During the fight over the records, CCA produced a spreadsheet of reimbursements requested by families in 2019-20 for classes ranging from art, violin, and piano lessons to horseback riding, speed skating, and hockey. The reimbursements were requested up to $200, according to CCA’s spreadsheet. (Eller did not respond to a question about how much money families are eligible for, and if the money is awarded to families on top of activities that students may participate in through their local school district, saying the charter “provides a modest reimbursement for a family when a student participates in educational and educationally related activities in their local community.”)
In a filing submitted by lawyers with the Public Interest Law Center, Spicka said the Right-to-Know law “guarantees access to public records, not to an agency’s selective summaries of its records.”
“Holding otherwise would undermine the [law’s] purpose of promoting governmental transparency and accountability and allowing for public scrutiny of governmental activity,” she said in the filing.
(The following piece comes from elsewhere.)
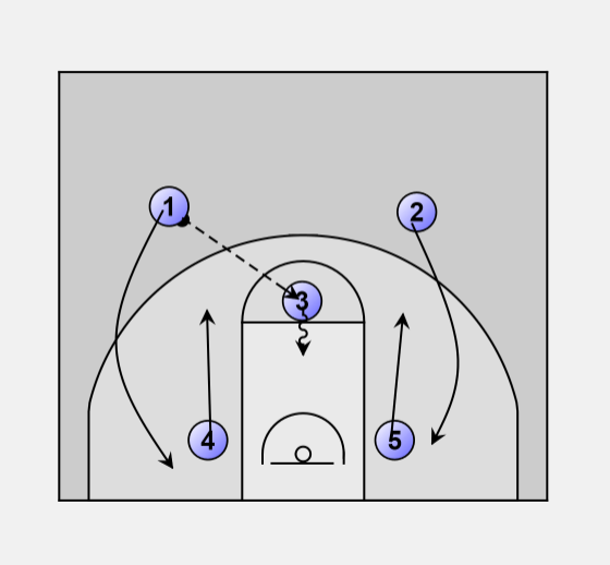 The guard then cuts on the outside towards the baseline and the other forward retracts away from the basket towards the ball handler.
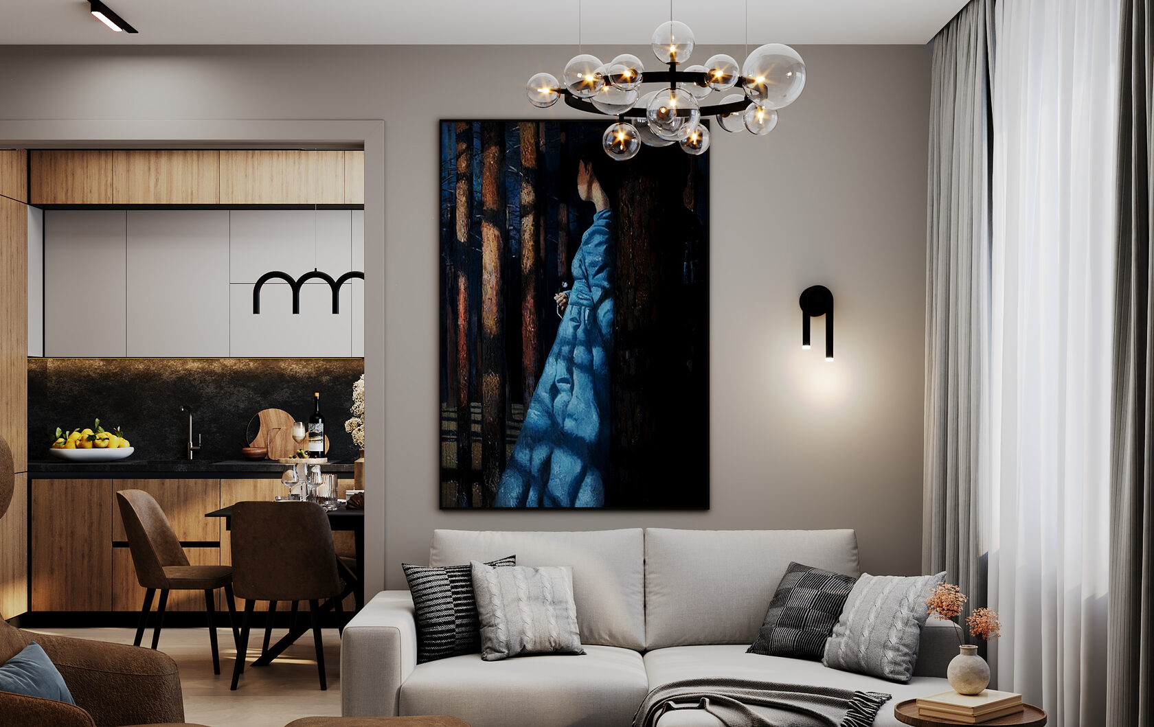 В новом интерьере всё — от общей цветовой палитры до тщательно подобранных деталей — вызывает ассоциации с эпохой 70-х. Однако пространство не стало стилизацией или музеем. Дизайнерам удалось гармонично объединить современные планировочные решения и эстетику модернизма с ретро-элементами, создав актуальное жильё с лёгкой ностальгической ноткой. Результат — светлое, функциональное и очень атмосферное пространство.

Separately, Spicka and other advocates have raised questions about CCA’s practices of making cash payments to families. On numerous months’ worth of check registers they requested from the charter earlier this year, the names of hundreds of entities paid by CCA were redacted — including $180,000 worth of payments to redacted vendors in June 2024 alone, according to Spicka.
When Spicka challenged those redactions, CCA said they represented the “names of caretakers that received payments under CCA’s Community Class Reimbursement program; names of family mentors who perform services for CCA, including assisting newly enrolled families with successfully transitioning to CCA and online learning; and the names of staff” reimbursed for tuition payments.
(In one check register from June 2023, CCA categorized more than 500 payments to redacted entities as payments for students or caretakers, with amounts ranging from $22 to $7,425. The charter also made more than 100 payments that month to redacted entities that it categorized as family mentors; most of the payments were for $550.)
To Spicka’s request for any contracts, agreements, or documentation that “details the work or services provided by the vendors/entities that are redacted,” CCA said it had no records.
Eller did not respond to questions about whether CCA has agreements with its family mentors, the services they perform, and how much they are paid.